Task prompt:
Under this line sits a listing. Repeat exactly and only its lines from the one holding "Dieses Garten-Lounge-Set aus" through the one holding "Измаилу: 120 грн"; skip pictures.

Data in this exercise:
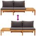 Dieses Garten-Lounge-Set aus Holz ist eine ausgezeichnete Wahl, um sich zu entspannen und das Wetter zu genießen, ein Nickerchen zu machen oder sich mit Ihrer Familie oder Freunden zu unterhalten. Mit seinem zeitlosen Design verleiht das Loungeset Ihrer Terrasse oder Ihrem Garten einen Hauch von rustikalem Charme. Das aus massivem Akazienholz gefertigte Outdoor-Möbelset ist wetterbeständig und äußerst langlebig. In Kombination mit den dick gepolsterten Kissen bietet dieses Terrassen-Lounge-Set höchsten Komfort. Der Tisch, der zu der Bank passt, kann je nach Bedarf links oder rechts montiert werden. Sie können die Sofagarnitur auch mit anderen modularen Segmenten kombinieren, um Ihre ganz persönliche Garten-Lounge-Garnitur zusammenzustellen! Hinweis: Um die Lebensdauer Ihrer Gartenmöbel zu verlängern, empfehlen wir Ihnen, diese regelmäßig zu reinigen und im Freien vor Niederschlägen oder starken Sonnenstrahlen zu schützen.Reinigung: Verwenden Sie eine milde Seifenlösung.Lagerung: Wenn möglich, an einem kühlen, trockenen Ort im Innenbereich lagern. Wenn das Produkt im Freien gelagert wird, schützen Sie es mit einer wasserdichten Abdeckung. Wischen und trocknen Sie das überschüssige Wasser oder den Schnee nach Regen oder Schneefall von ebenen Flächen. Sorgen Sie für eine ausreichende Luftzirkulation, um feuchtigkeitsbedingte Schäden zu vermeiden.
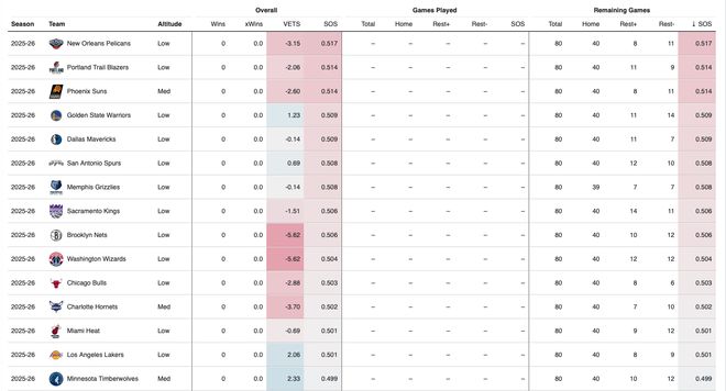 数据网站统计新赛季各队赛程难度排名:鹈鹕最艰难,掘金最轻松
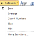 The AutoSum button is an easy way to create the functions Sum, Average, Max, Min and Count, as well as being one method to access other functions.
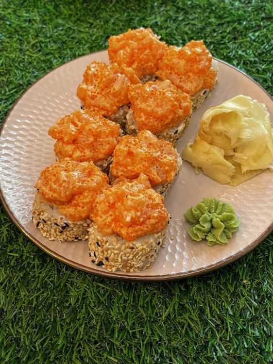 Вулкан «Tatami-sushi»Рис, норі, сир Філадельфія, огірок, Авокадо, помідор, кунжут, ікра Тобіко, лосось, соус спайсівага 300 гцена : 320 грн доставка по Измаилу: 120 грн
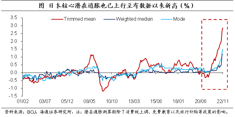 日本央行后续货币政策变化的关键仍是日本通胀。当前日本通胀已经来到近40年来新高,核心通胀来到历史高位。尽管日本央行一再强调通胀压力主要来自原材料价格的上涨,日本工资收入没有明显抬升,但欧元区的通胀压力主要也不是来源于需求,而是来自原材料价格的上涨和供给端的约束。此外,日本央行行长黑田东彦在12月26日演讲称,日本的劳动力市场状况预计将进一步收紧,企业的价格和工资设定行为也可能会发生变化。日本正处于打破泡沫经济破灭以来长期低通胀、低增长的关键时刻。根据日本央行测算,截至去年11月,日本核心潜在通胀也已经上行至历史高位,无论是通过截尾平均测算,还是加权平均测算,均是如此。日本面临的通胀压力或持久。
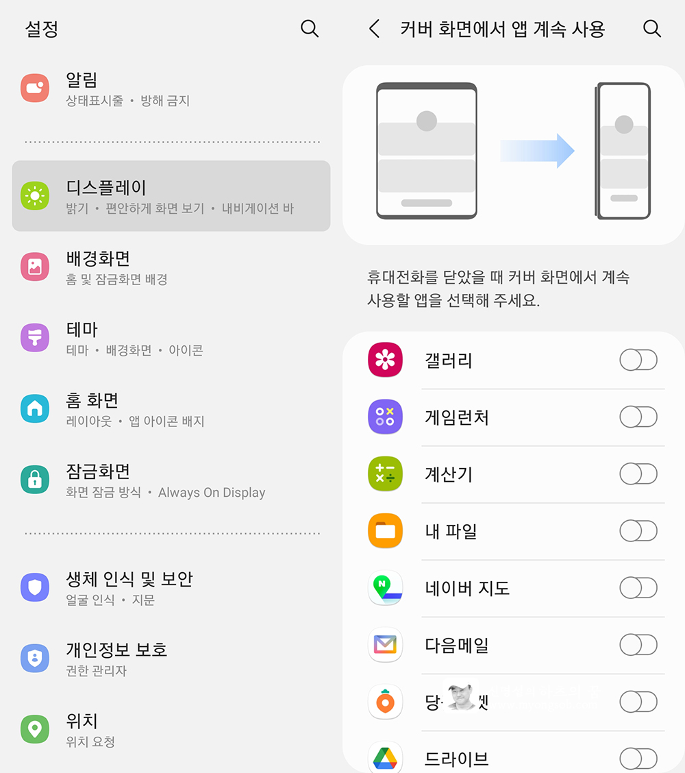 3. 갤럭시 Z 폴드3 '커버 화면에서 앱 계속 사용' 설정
...
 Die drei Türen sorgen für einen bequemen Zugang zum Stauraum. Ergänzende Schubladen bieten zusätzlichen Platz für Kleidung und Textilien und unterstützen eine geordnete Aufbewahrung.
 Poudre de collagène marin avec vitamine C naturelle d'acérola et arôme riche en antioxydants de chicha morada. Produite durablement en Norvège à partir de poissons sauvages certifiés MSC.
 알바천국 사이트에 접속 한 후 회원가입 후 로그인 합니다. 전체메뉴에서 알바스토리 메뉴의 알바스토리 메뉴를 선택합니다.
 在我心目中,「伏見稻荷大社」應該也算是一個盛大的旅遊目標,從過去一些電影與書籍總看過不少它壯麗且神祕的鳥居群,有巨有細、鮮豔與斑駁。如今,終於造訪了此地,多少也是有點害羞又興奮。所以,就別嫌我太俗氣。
--
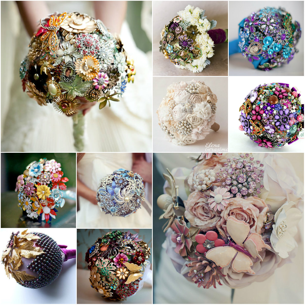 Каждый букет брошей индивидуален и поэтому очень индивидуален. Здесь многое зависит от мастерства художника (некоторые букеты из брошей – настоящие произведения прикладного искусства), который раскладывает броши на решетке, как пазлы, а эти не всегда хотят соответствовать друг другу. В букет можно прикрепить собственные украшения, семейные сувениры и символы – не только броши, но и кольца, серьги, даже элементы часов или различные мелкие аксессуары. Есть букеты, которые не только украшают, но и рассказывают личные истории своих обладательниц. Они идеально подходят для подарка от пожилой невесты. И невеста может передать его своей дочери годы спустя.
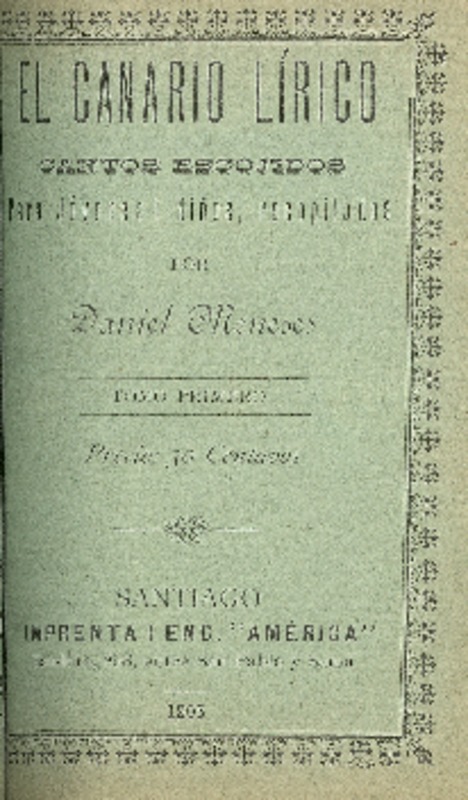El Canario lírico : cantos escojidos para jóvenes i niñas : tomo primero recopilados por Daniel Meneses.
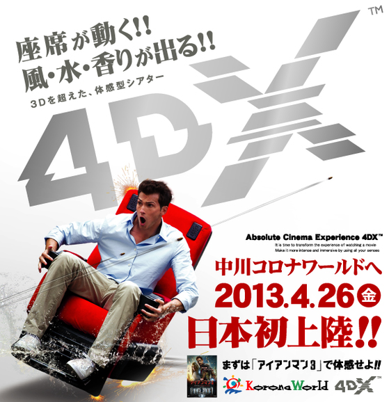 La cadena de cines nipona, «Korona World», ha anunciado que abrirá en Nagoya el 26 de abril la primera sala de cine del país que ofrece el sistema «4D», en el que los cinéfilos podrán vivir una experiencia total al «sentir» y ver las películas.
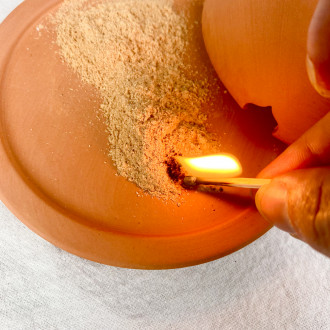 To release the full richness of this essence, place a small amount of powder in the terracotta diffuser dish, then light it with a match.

Result of this task:
 Dieses Garten-Lounge-Set aus Holz ist eine ausgezeichnete Wahl, um sich zu entspannen und das Wetter zu genießen, ein Nickerchen zu machen oder sich mit Ihrer Familie oder Freunden zu unterhalten. Mit seinem zeitlosen Design verleiht das Loungeset Ihrer Terrasse oder Ihrem Garten einen Hauch von rustikalem Charme. Das aus massivem Akazienholz gefertigte Outdoor-Möbelset ist wetterbeständig und äußerst langlebig. In Kombination mit den dick gepolsterten Kissen bietet dieses Terrassen-Lounge-Set höchsten Komfort. Der Tisch, der zu der Bank passt, kann je nach Bedarf links oder rechts montiert werden. Sie können die Sofagarnitur auch mit anderen modularen Segmenten kombinieren, um Ihre ganz persönliche Garten-Lounge-Garnitur zusammenzustellen! Hinweis: Um die Lebensdauer Ihrer Gartenmöbel zu verlängern, empfehlen wir Ihnen, diese regelmäßig zu reinigen und im Freien vor Niederschlägen oder starken Sonnenstrahlen zu schützen.Reinigung: Verwenden Sie eine milde Seifenlösung.Lagerung: Wenn möglich, an einem kühlen, trockenen Ort im Innenbereich lagern. Wenn das Produkt im Freien gelagert wird, schützen Sie es mit einer wasserdichten Abdeckung. Wischen und trocknen Sie das überschüssige Wasser oder den Schnee nach Regen oder Schneefall von ebenen Flächen. Sorgen Sie für eine ausreichende Luftzirkulation, um feuchtigkeitsbedingte Schäden zu vermeiden.
 数据网站统计新赛季各队赛程难度排名:鹈鹕最艰难,掘金最轻松
 The AutoSum button is an easy way to create the functions Sum, Average, Max, Min and Count, as well as being one method to access other functions.
 Вулкан «Tatami-sushi»Рис, норі, сир Філадельфія, огірок, Авокадо, помідор, кунжут, ікра Тобіко, лосось, соус спайсівага 300 гцена : 320 грн доставка по Измаилу: 120 грн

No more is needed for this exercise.